ГАЛЕРЕЯ ИКОН ИЛЛЮСТРИРОВАННЫЙ СЛОВАРИК ПО ИКОНОПИСИ БИБЛИОТЕЧКА ПО ИКОНОПИСИ РЕФЕРАТЫ ПО ИКОНОПИСИ ИКОНОПИСЬ В СЕТИ
ВЫШЕШЕСТЬ РОДОВ ИКОН. Валерий Лепахин.
Валерий Лепахин глава 3 из книги "ИКОНА И ИКОНИЧНОСТЬ"

В святоотеческой литературе можно встретить широкий набор терминов, употребляемых для обозначения, раскрытия или уточнения смысла, вкладываемого автором в понятие "икона". Назовем такие: εικων, τιπος, αρχετυπον, προτυπωμα, αντιτυπον, εκτυπωμα, συμβολον, παραδειγμα, ιδεα, ε'δος, προκεντημα, μορφη, μορφωσις, σχημα, χαρακτηρ, μιμημα, ομοιωσις, συνθημα, ινδαλμος, αγαλμα, εκμαγειον, φαντασμα и др.[1] Все перечисленные понятия на протяжении веков в разных контекстах использовались Св. Отцами в соотнесении с главным термином – икона (εικων) – для его уточнения и утверждения. Они не заменяли его, а наполняли богатством оттенков, что наблюдается вплоть до окончательной победы иконопочитания в IX веке, когда термин "икона" стал основным не только для церковного искусства, но и важнейшим для православного богословия в целом. Особенно ярко иконоцентричность богословия проявилась у двух столпов иконопочитания – прп. Иоанна Дамаскина и прп. Феодора Студита[2]. При этом слово "икона", как наи более полно и адекватно выражавшее суть явления, вобрало в себя многие оттенки предшествовавших и параллельных ему терминов. Из них в святоотеческом богословии наиболее часто соседствовали "εικων" и "τυπος". Прп. Максим Исповедник в "Тайноводстве" не раз употребляет эти понятия рядом – как взаимодополняющие[3]. В некоторых переводах на русский язык они передаются одним словом "образ", в других же – двумя: "τυπος" = "образ", "εικων" = "икона", "изображение" (см. Максим 1993:1, 159, 169, 178, 301). Николай Кавасила в своем истолковании Божественной Литургии также использует два термина рядом как разъясняющие один другой (см. Кавасила 1967:174, 176, 202, 204). Эти примеры свидетельствуют о семантической и терминологической близости двух понятий. Они соединяются иногда в сложное слово "иконотип", которое так же, как и "иконообраз", полнее и точнее выражает суть явления – двуединство видимого и невидимого.
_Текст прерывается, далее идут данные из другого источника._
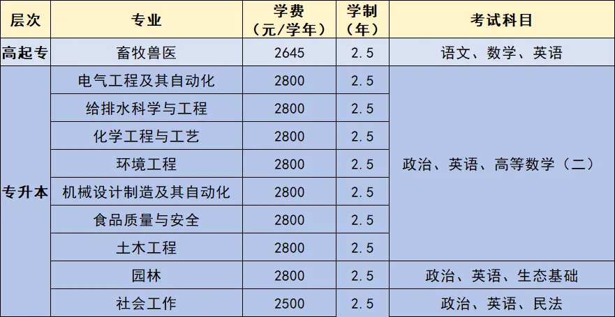 ① 以上学费未含成人高等考试费、平台授课费、教材费;

В "Третьем защитительном слове против порицающих святые иконы или изображения" прп. Иоанн Дамаскин ставит несколько вопросов. Среди них: что есть икона (εικων), как много родов образов (εικων) существует, что может быть изображаемо (εικονιζομενον – воиконовлено) и что нет, кто первый сделал икону (Иоанн 1893:99). Согласно прп. Иоанну, икона есть подобие (ομοιωμα), образ (παραδειγμα) и отпечаток (εκτυπωμα) того, что изображено, воиконовлено (εικονιζομενον). Прп. Иоанн детально не раскрывает содержание этих трех терминов, которые он употребляет, но по другим его высказываниям об иконах можно понять, что "подобие" говорит о наличии в иконе определенных свойств оригинала, первообраза, прототипа (προτοτυπω), "образ" – о причастности иконы к духовным, умопостигаемым качествам оригинала, "отпечаток", оттиск – о внешнем сходстве иконы с оригиналом, что полностью соответствует учению других Отцов. Особенно подробно прп. Иоанн говорит о родах икон. Он выделяет их шесть.
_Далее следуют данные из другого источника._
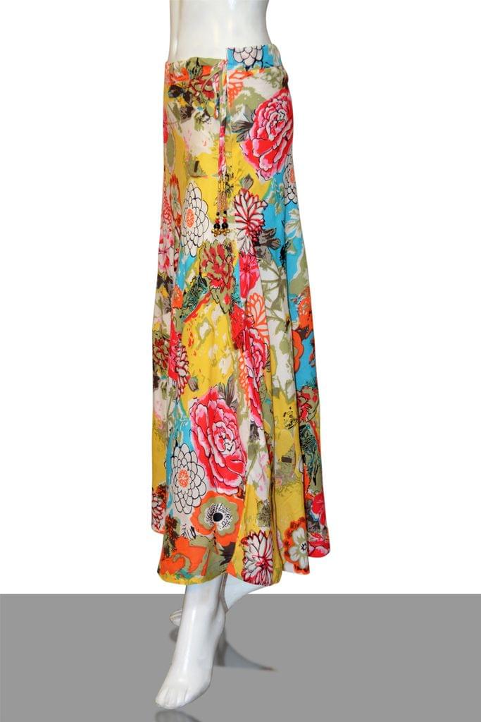 SKU-VHTGRSK52QA lovely multicolored floral yellow and orange base printed diva skirt with beaded tassels, has a waistband with drawstring closure, side zipper closure, and flared hem. Has a soft matching inner voile (mulmul) lining.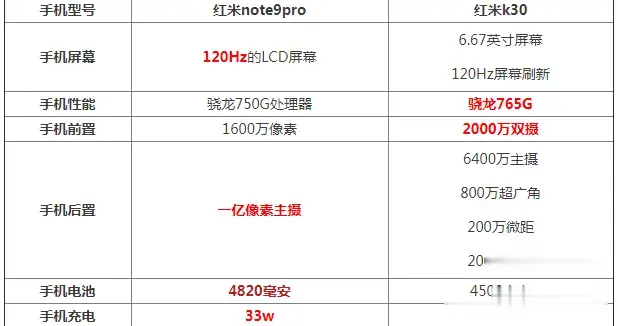 为用户带来更好的手机性能体验,带来最优的手机性价比 3、拍照方面 红米note9pro:前置1600万,后置1亿像素主摄,为用户带来更好的手机拍照模式 红米k30:前置2000万双摄,后置6400万...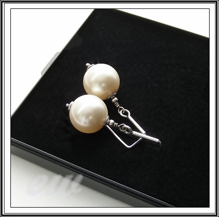 Duże (14 mm) perły swarovskiego w delikatnym kolorze creamrose z oksydowanym srebrem, zawieszone na prostych biglach. Długość całkowita 3,5 cm.

Первый род образа (τροπος εικονος) – "естественный и во всем сходный Образ (εικων) невидимого Бога – Сын Отца, являющий в Себе Отца" (Иоанн 1893:101). Главное понятие здесь для прп. Иоанна – "естественный", ибо это Образ, рожденный в вечности "прежде всякой твари" (Кол. 1:15), Образ нетварный и потому "совершенно равный, во всех отношениях подобный Отцу, кроме того, что не нерожден" (Иоанн 1893:101). Сын – это Первоикона, Первообраз и Образ всех образов. Иконичность или "образность" естественна, она рождается из самой сущности, природы Триединого Бога. Второе Лицо Пресвятой Троицы в вечности рождается от Отца и как Сын, и как Слово-Логос, и как Образ Ипостаси Отца. Все другие виды образов сотворены, созданы или изготовлены "через подражание".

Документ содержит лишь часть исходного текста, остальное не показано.